Animal Place
- Formation: 1989; 37 years ago
- Founders: Kim Sturla and Ned Buyukmihci
- Tax ID no.: 68-0200668
- Legal status: 501(c)(3)
- Purpose: Animal protection
- Locations: Grass Valley, California; Petaluma, California; ;
- Website: animalplace.org

= Animal Place =

Animal Place, which was founded in 1989, is one of the oldest and largest sanctuaries for farmed animals in the United States. The main facility is located on 600 acres in Grass Valley, Nevada County, California, and provides refuge to roughly 300 neglected farmed animals at one time. In addition to the permanent sanctuary, Animal Place operates a 12-acre adoption center in Petaluma, California.

== History ==
Animal Place was started in 1989 by Kim Sturla and Ned Buyukmihci, who purchased 60 acres in Vacaville, California. In 2009, the sanctuary purchased its 600 acre permanent sanctuary in Grass Valley.

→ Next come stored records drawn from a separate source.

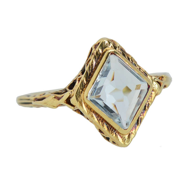 This Art Deco ring, while set with an aquamarine, has a Renaissance air about it. Why? The aquamarine is set upside down so that the point is upward. With its pale coloration, and when worn, it almost resembles a pointed cut diamond.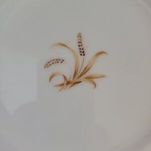 This vintage bread plate features a charming wheat pattern with gold trim, crafted by Taylor Smith Taylor. Ideal for collectors or elegant table settings.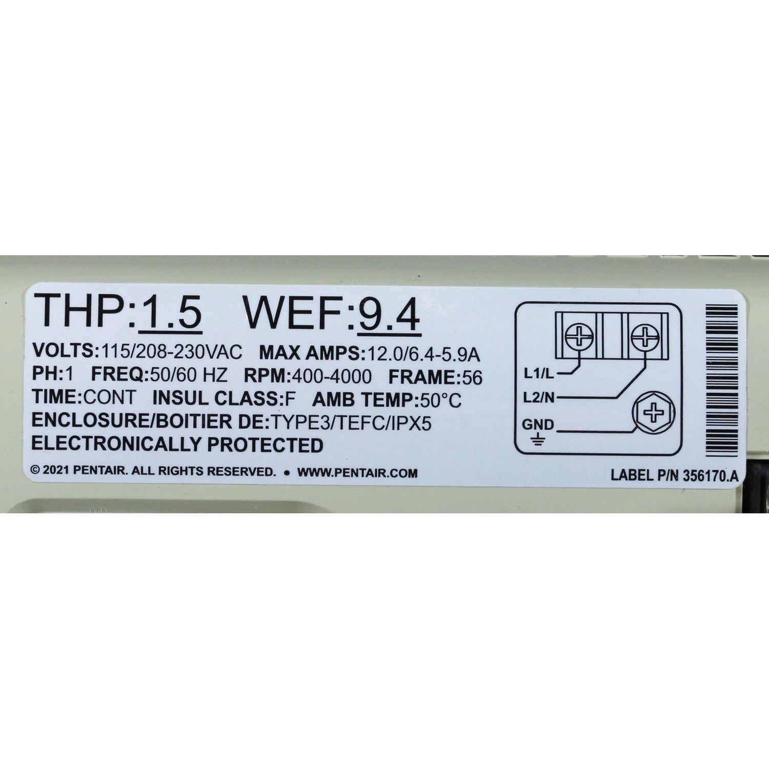 Pump, Pentair IF3 VSF, 1.5hp, 115v/208-230v, w/Relay Board : 011066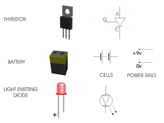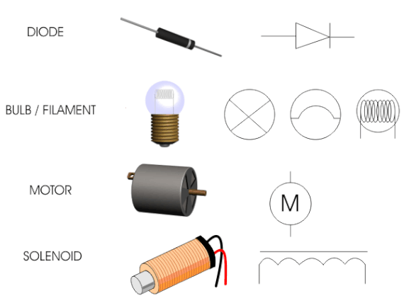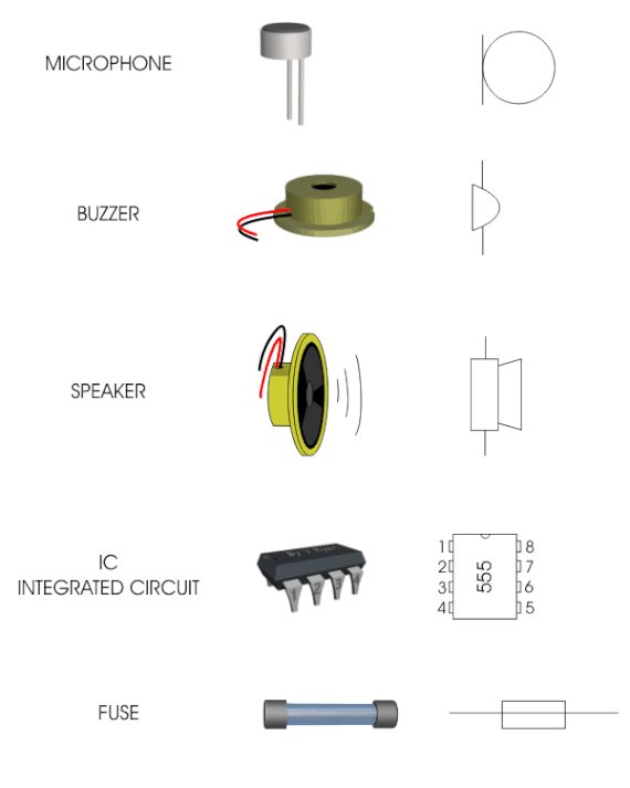 Elektrik devresi, direnç, kondansatör, iletim hatları, güç kaynağı ve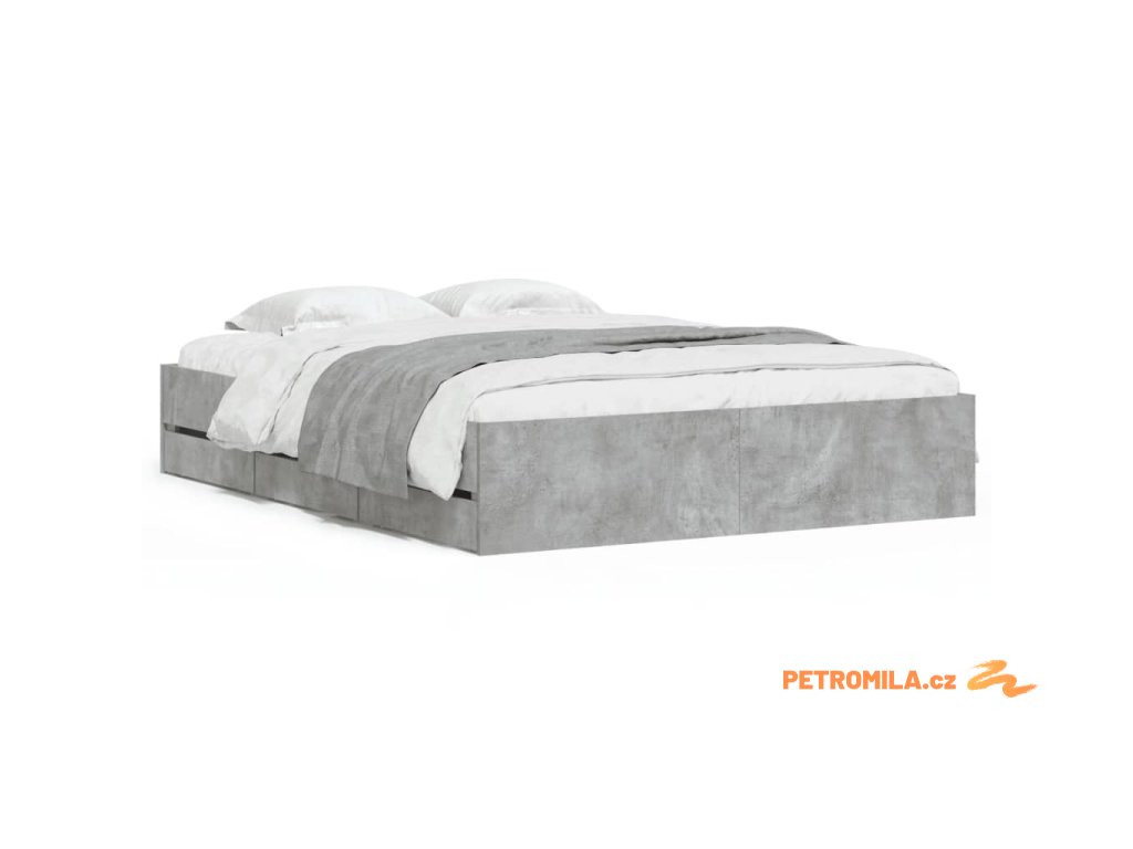 Rám postele se zásuvkami betonově šedý 150 x 200 cm kompozit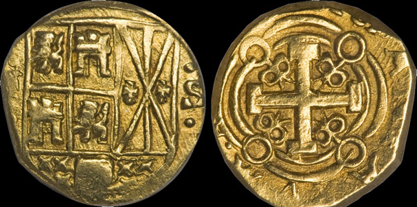 Mint records show that Cartagena began to strike two and one escudos in 1627 and continued to do so for 9 years (1627-1635). No gold coins attest a brief possible minatge in 1626. Under political pressure from officials at Bogota, Cartagena was never allowed to strike gold after 1635. The Bogota mint began regular production at the same time as Cartagena, and with a few brief hiatuses struck gold cobs until 1756.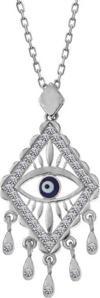 Birçok kültürde kötü enerjinin zararlarından korunmak için çeşitli tılsımlar kullanılmıştır. Doğu kültürlerinin çoğunda kullanılan tılsım ise gözdür. Nazar boncuğu da göz şeklinden ilham alınarak tasarlanmıştır. Mavi rengin seçilmesi de tesadüf değildir. Renkli gözlü kişilerin enerjisini daha etkili yansıttığı inancı gereği nazar boncukları çoğunlukla mavi olarak tasarlanır. Güzelliğiyle göz kamaştıran, nazardan korunmasını istediğiniz kişilere ve sevdiklerinize gümüş nazarlı göz kolyeyi armağan edebilirsiniz. Gümüş kolye üzerinde rodyum kaplama yapılmıştır. Rodyum kaplama yapılan gümüş kadın kolyeler parlaklığını uzun süre muhafaza eder, oksitlenmesi gecikir. Gümüş olan zincir boyu ortalama 45 cm'dir. Ürünlerimizin tamamı el emeği ile üretilmiştir. Gümüş ve değerli taşlar nedeniyle ürün ağırlığında ± %10 sapma olabilmektedir.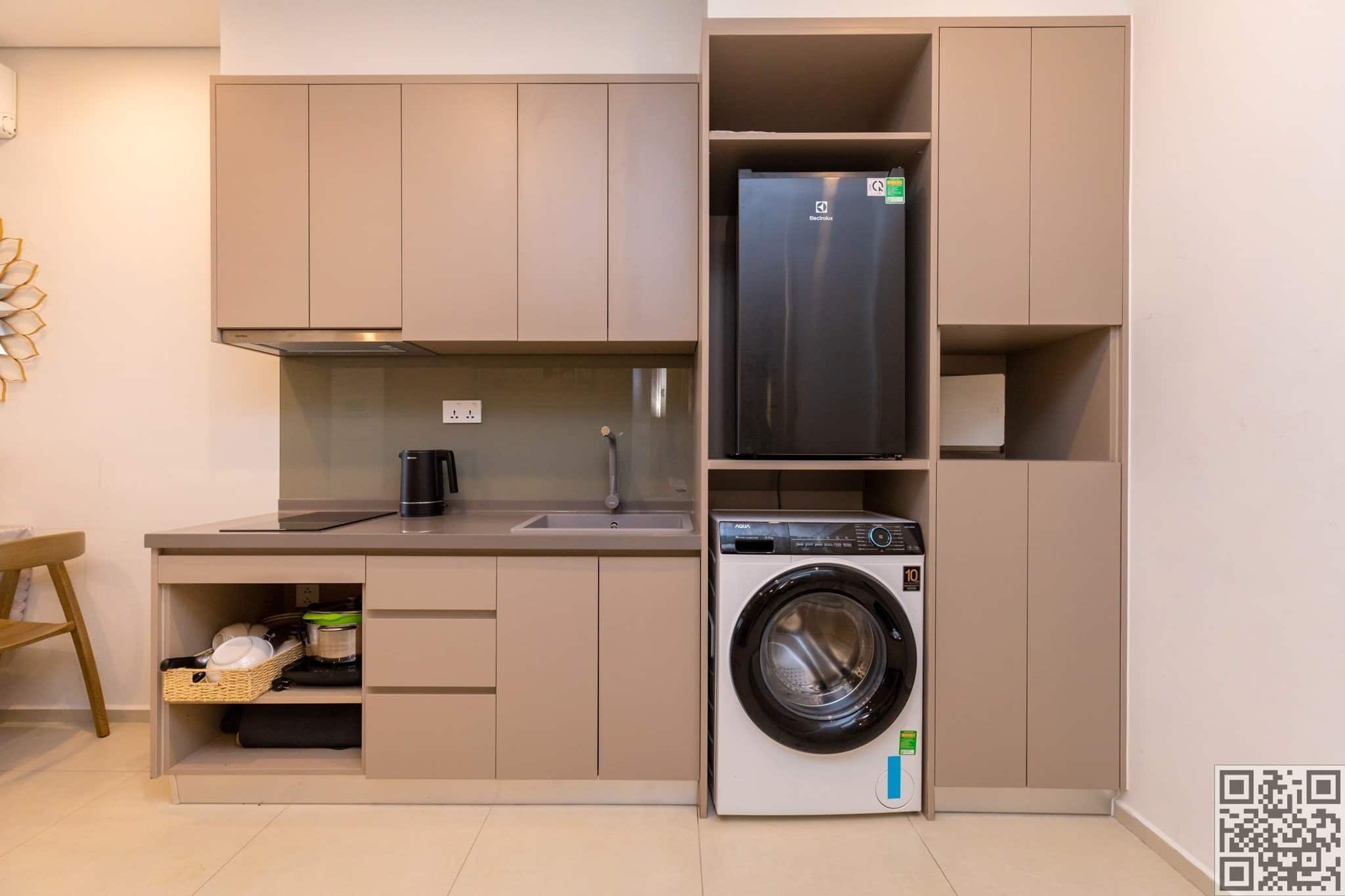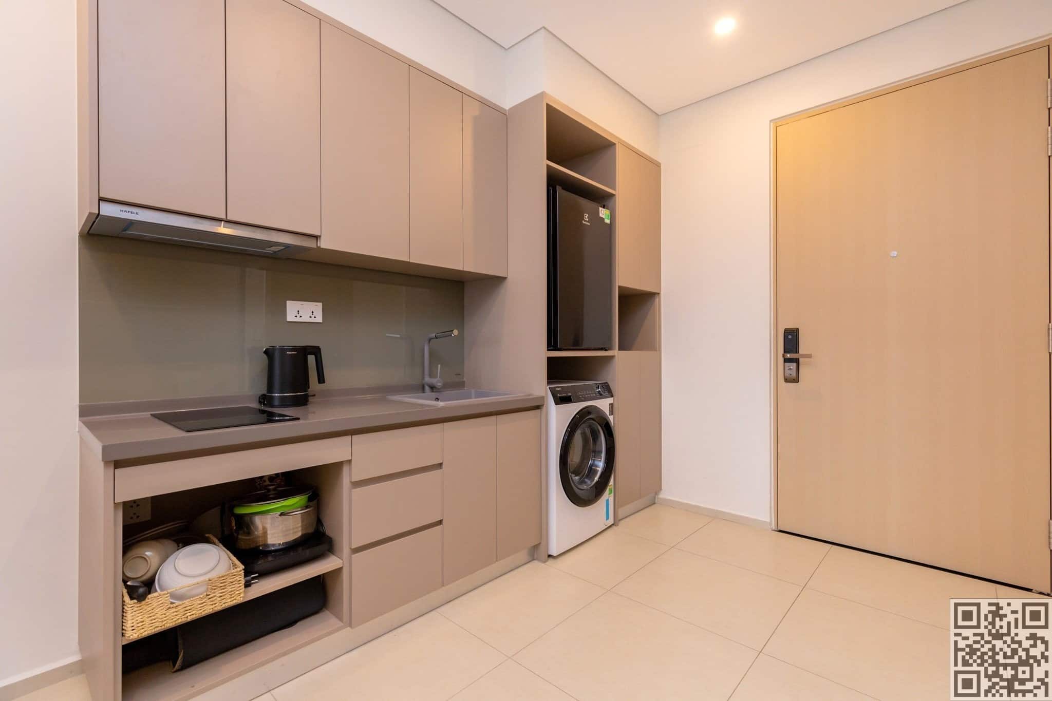 - Phòng bếp đầy đủ với bếp điện từ, dụng cụ nấu ăn, nồi cơm điện, máy hút khói, lò vi sóng, ấm siêu tốc, gia vị nấu ăn và bình siêu tốc.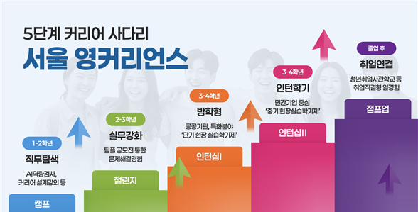- 市, 내년부터 청년 일자리 정책 재학생 중심으로…5단계 인턴십 ‘서울영커리언스’ 본격 추진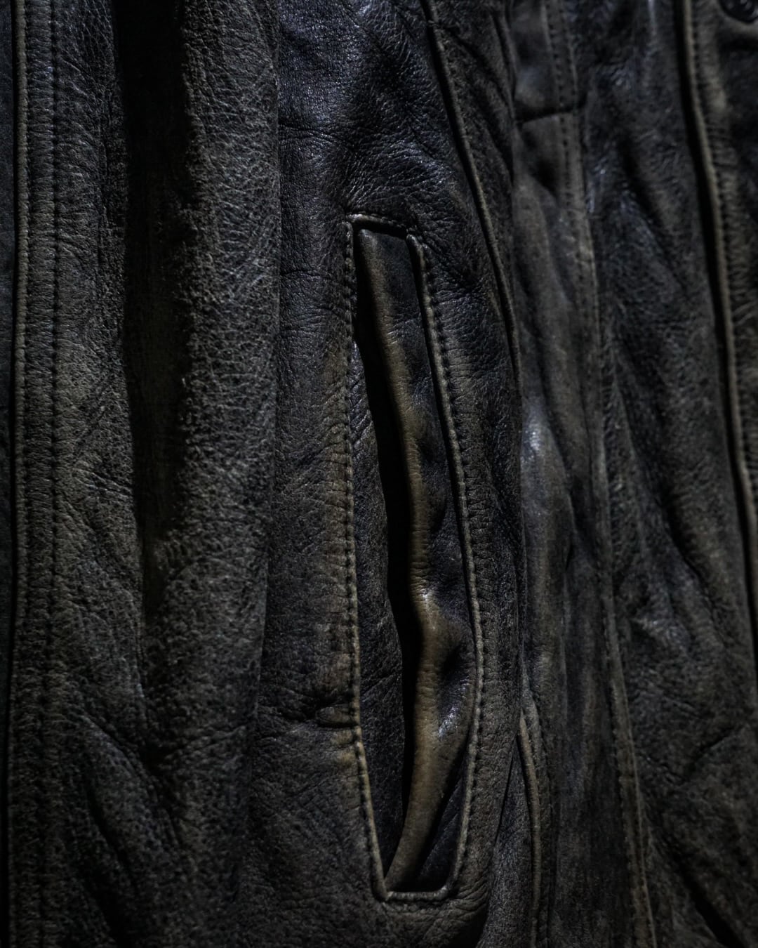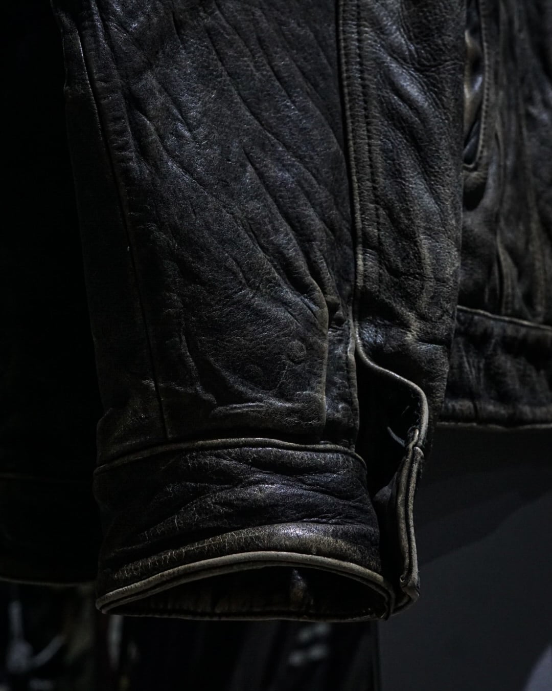 トラッカー型の特徴でもあるフラップポケットやV字の切り替えを踏襲しながら、レザー特有のシボがヴィンテージの雰囲気をさらに加速。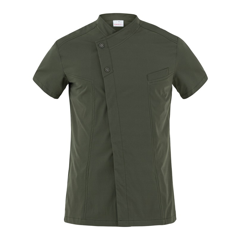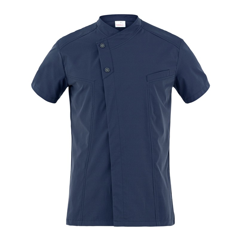 La casacca professionale da uomo Harry. con Maniche corte e collo alla coreana è ideale per il settore benessere, estetico e fisioterapia, progettata per garantire un’immagine coordinata e raffinata in qualsiasi ambiente di lavoro. Questa casacca ultraleggera è il vero simbolo del “wash&go”, grazie al tessuto innovativo G-TECH PRO.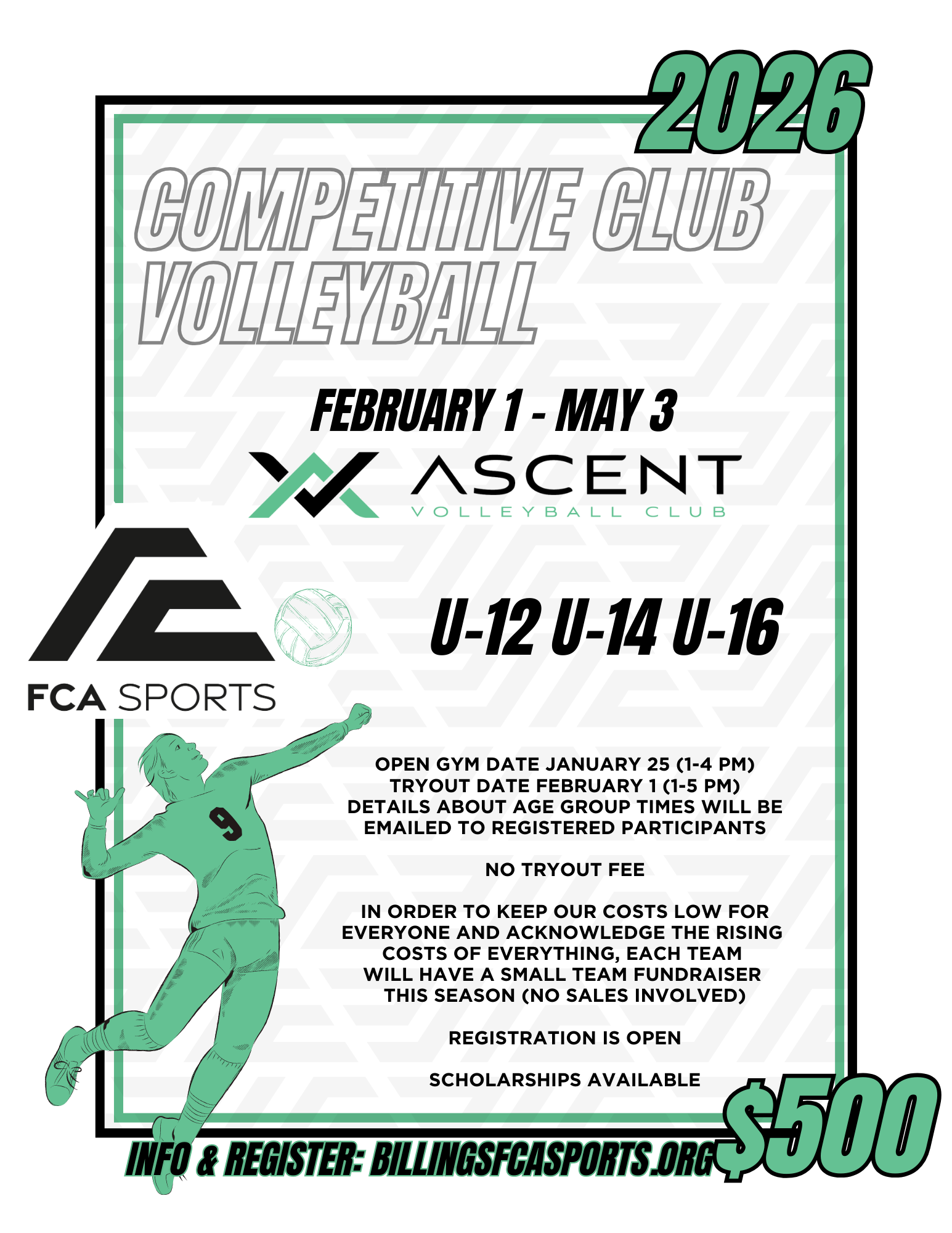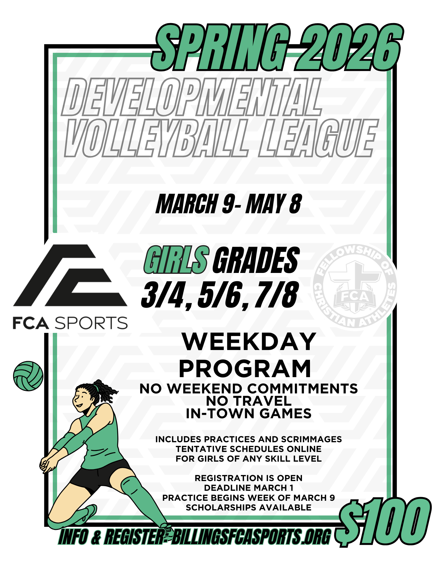 FCA Volleyball in Billings provides an exceptional, character-shaping sports experience grounded in FCA Sports’ commitment to holistic athlete development—helping players grow in skill, confidence, teamwork, and purpose in a supportive and encouraging environment . Whether athletes are seeking competitive opportunities or a place to learn and belong, FCA Volleyball offers pathways for every level of player.

Once the Grass Valley site was acquired, the original Vacaville location became known as the Rescue Ranch, and was used as a location to adopt out animals who were not going to live permanently in Grass Valley. In 2018, the Vacaville location was sold because local ordinances required that no more than 100 animals live on the property at one time. In 2019, a 12-acre replacement property, dubbed the Rescue Ranch 2.0, was purchased in Petaluma.

==Mission==
Animal Place extends support to all life with a special emphasis on farmed animals. This is executed by providing permanent sanctuary, education, legislation and appropriate placement of needy animals.

==Awards==
Animal Place (Grass Valley, California) won first prize in the “Best Sanctuary” category, earning $50,000 for the organization.

==Tax exempt status==
Animal Place is a 501(c)(3) charitable organization.